## About this exercise
The data that follows is to be copied exactly, with each image removed.

## Extracted data

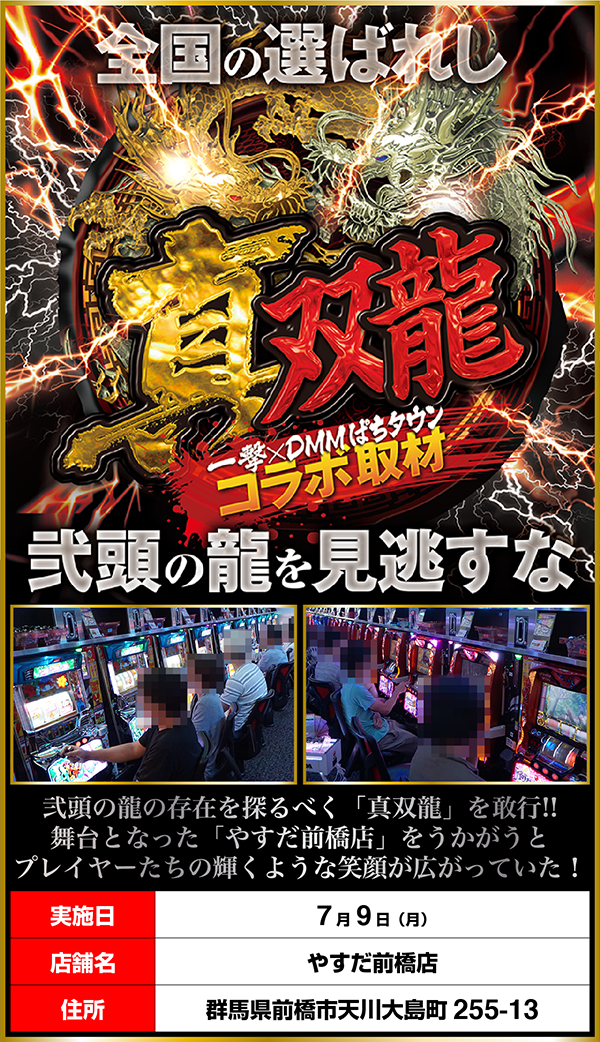 ホールに潜む龍の存在を探るべく、「やすだ前橋店」にて「真双龍」を敢行。
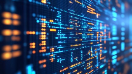 Data processing on digital grid background with code display
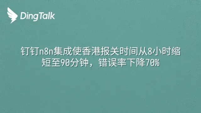 钉钉n8n集成使香港报关时间从8小时缩短至90分钟,错误率下降70%
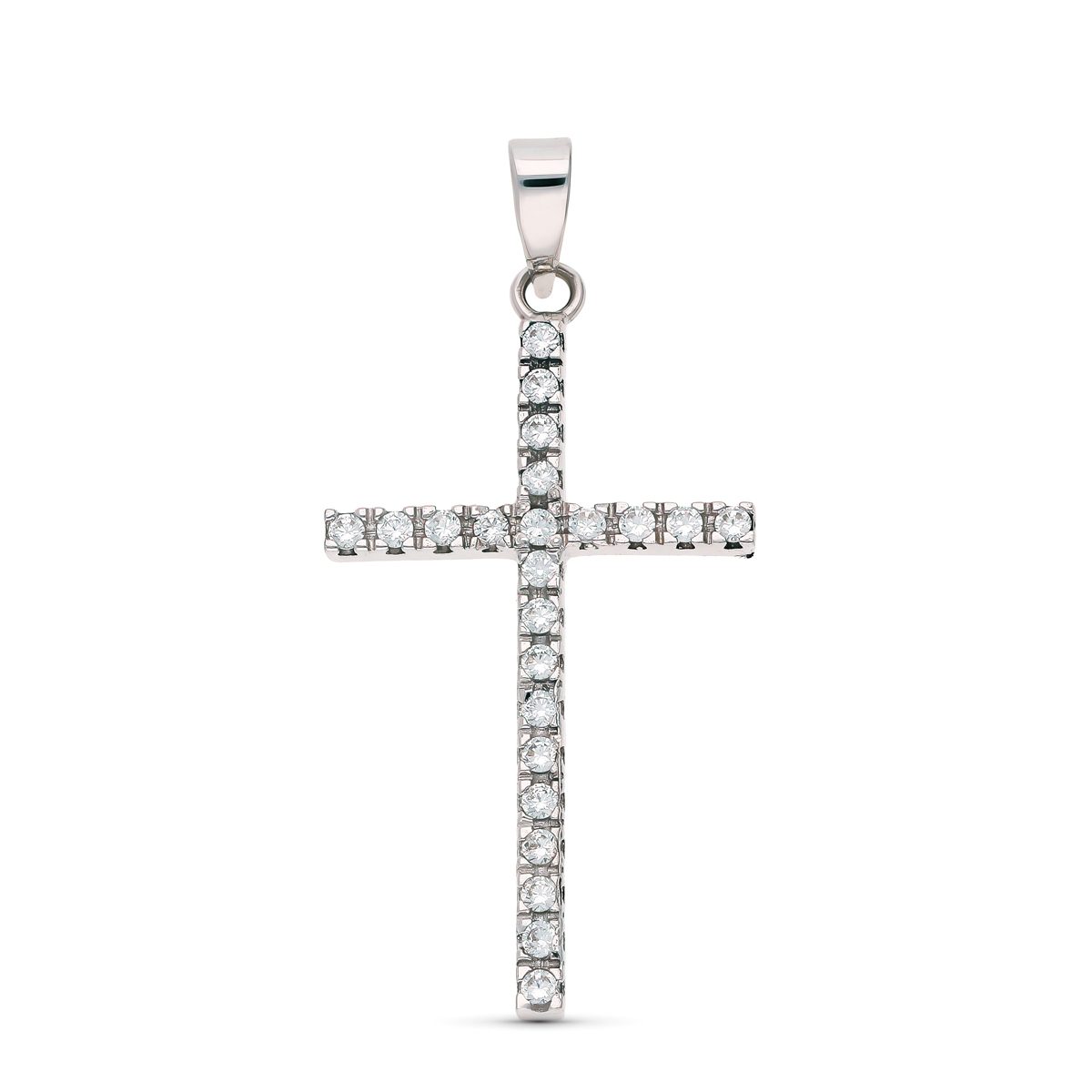 18K CRUZ ORO BLANCO CIRCONITA 31X17 MM
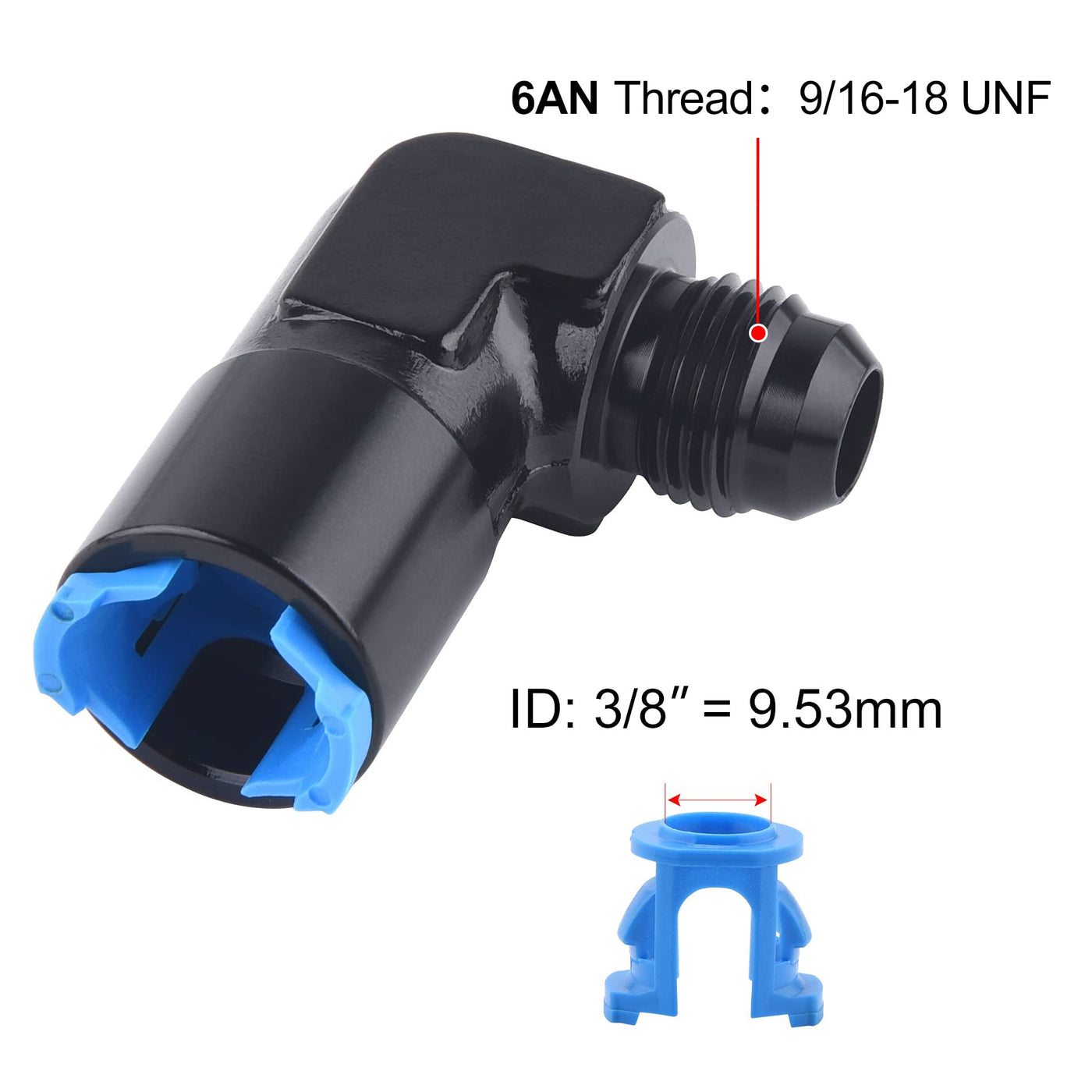 [Size] The Thread Size Of 6An Is 9/16-18Unf. The Id Of Spring Lock Is 3/8 Inch. | [Seal] The 6An Flare Efi Fitting Is Sealed At 37 Degree Angle To Avoid Leakage. | [Parameter] Working Pressure: 1500Psi; Temperature Range: -40°F To 176°F. | [Material] Made Of Aluminum Alloy 6061-T6. Spring Lock Is Made Of Plastic. | [Application] Widely Used In Engine Fuel Rail, Ls Swap, Transmission Cooler, Return Line, Fuel Sensor, Etc.

## Task output
 ホールに潜む龍の存在を探るべく、「やすだ前橋店」にて「真双龍」を敢行。
 Data processing on digital grid background with code display
 钉钉n8n集成使香港报关时间从8小时缩短至90分钟,错误率下降70%
 18K CRUZ ORO BLANCO CIRCONITA 31X17 MM
 [Size] The Thread Size Of 6An Is 9/16-18Unf. The Id Of Spring Lock Is 3/8 Inch. | [Seal] The 6An Flare Efi Fitting Is Sealed At 37 Degree Angle To Avoid Leakage. | [Parameter] Working Pressure: 1500Psi; Temperature Range: -40°F To 176°F. | [Material] Made Of Aluminum Alloy 6061-T6. Spring Lock Is Made Of Plastic. | [Application] Widely Used In Engine Fuel Rail, Ls Swap, Transmission Cooler, Return Line, Fuel Sensor, Etc.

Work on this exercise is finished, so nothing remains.